I part of the django app behind abelcastro.dev is a small API fetching and serving sports (actually just football) data. To try FastAPI Cloud, I extracted that part into a standalone FastAPI app. The code is here: github.com/abel-castro/sports-api and the live version of it can be found here sports-dashboard.abelcastro.dev/.

The migration itself was easy with AI help. The original code was simple, and the move to FastAPI plus SQLModel/SQLAlchemy was straightforward.

The setup: easy start, with Vercel as the reference point

In his blog post about starting FastAPI Cloud, Sebastian Ramirez names Vercel, Netlify, and Cloudflare in the frontend world as the kind of developer experience he wanted to bring to Python deployment. Vercel was also the comparison I had in mind when I tried it.

Login and creating a first app were straightforward. It is not as seamless as Vercel today, but for a beta the starting experience is impressive.

One thing I liked is the direct integration with database providers. I connected the app to a Neon Postgres database from inside the FastAPI Cloud setup, and that worked well.

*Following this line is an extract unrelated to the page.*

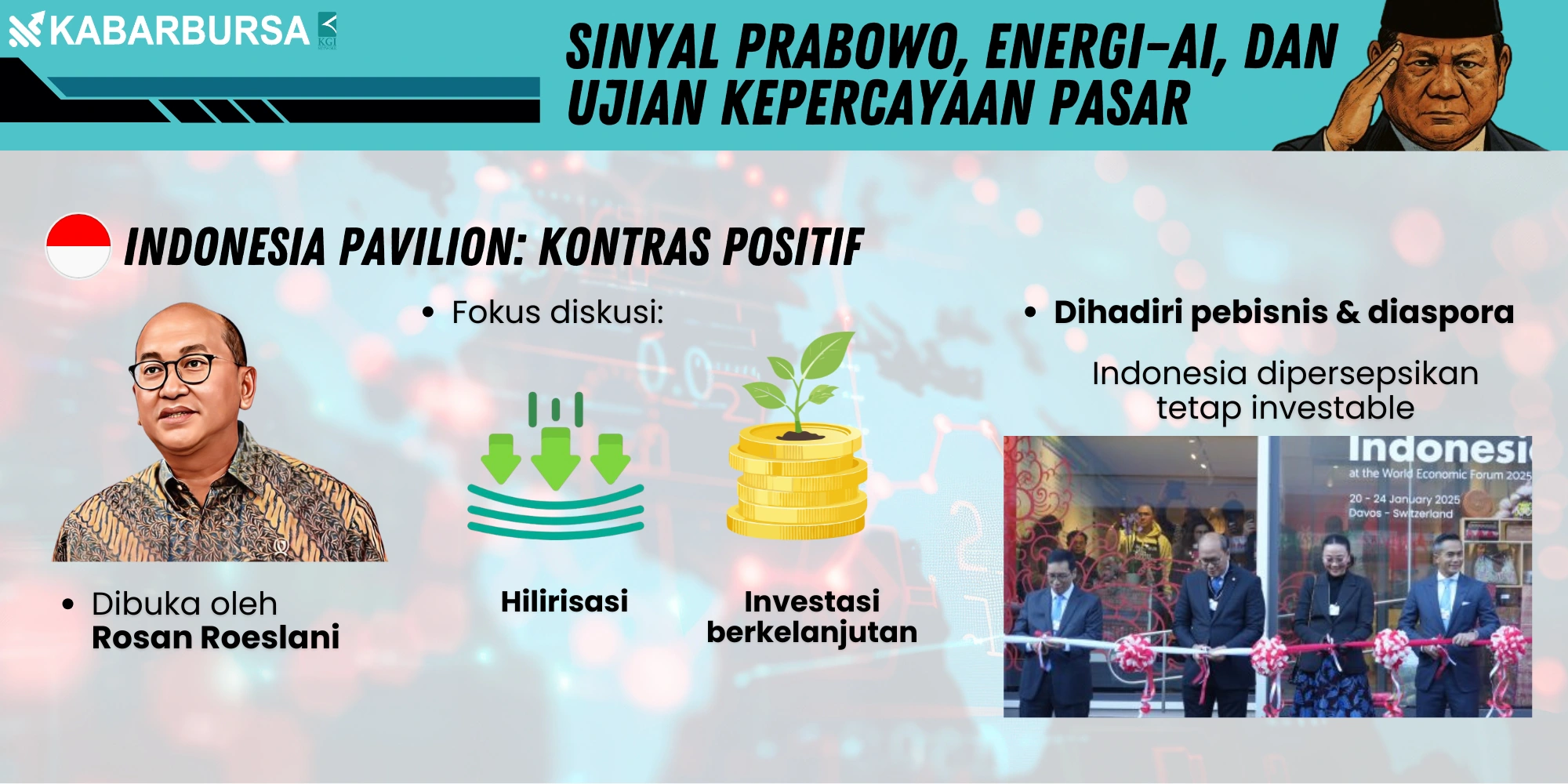 Indonesia Pavilion—dibuka oleh Rosan Roeslani—memberi kontras positif. Diskusi tentang hilirisasi dan investasi berkelanjutan menunjukkan konsistensi agenda Indonesia. Kehadiran pebisnis dan diaspora memperkuat persepsi bahwa Indonesia tetap investable di tengah gejolak global.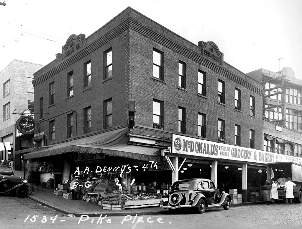 We stop to rest here just in front of City Fish. The Market was created to help keep food costs down but by World War I the city was seeing a high degree of war profiteering. At one point, the price of salmon rose to 25 cents per pound. As salmon began to skyrocket, the city partnered up with the State Fisheries Commission to sell the carcasses of salmon that had been killed for their eggs and sperm. Seattle established a municipally owned “City Fish Market,” which lowered the price of salmon significantly. Within weeks of the opening of City Fish, salmon dropped to 7 cents a pound. After the war, the City of Seattle relinquished its role as fishmonger. David Levy, one of the first in a wave of Sephardic Jewish immigrants, bought the stand and quickly gained a reputation as “Good Weight Dave.”

A small SQLAlchemy and Neon detail

After the app was live, I noticed intermittent database connection errors. This was not a FastAPI Cloud problem. It is how Neon works. Neon suspends idle compute, so connections in the SQLAlchemy pool can become stale and fail on the next request.

The fix was to pass two extra options to create_engine:

engine = create_engine(
    settings.database_url,
    pool_pre_ping=True,
    pool_recycle=1800,
)

pool_pre_ping=True makes SQLAlchemy check that a connection is alive before using it. pool_recycle=1800 tells the pool to discard connections older than 30 minutes. After this change the errors stopped.

The commit is here if you want to see it: Fix db connection errors.

The main friction: no scheduled tasks yet

The sports API needs a periodic job to refresh data. As far as I can tell, FastAPI Cloud does not support scheduled tasks at the moment.

For this hobby project I used a workaround. A scheduled GitHub Actions workflow calls a protected endpoint on the API. The endpoint checks a token passed in a header, and the token is stored as a GitHub secret. The workflow file and the endpoint are in the same repo linked above.

I want to be clear: this is a hobby pattern, not how I would do it for a real project. GitHub schedules can be delayed under load, there are no built-in retries, long jobs do not fit inside an HTTP request, and observability is split between two platforms. For a real project I would use a task queue with a worker (Celery, RQ, ARQ, Dramatiq) or a managed scheduler.

So my open question for the FastAPI Cloud team is: are proper scheduled tasks on the roadmap?

Smaller things I missed

Right now you get an auto-assigned subdomain on FastAPI Cloud and there is no custom domain option yet. For a beta this is fine, and I would not complain about it. It is just something to know.

Summary

For a beta, FastAPI Cloud is impressive. The login and first deploy are easy, and the Neon integration works well (with the small SQLAlchemy tweak above). The one real gap I found was scheduled tasks.

Looking ahead

I am looking forward to seeing how the product evolves, and what pricing they introduce. Hosting costs money, and at some point the team has to make money from it. In any case, in my opinion they are making a great start.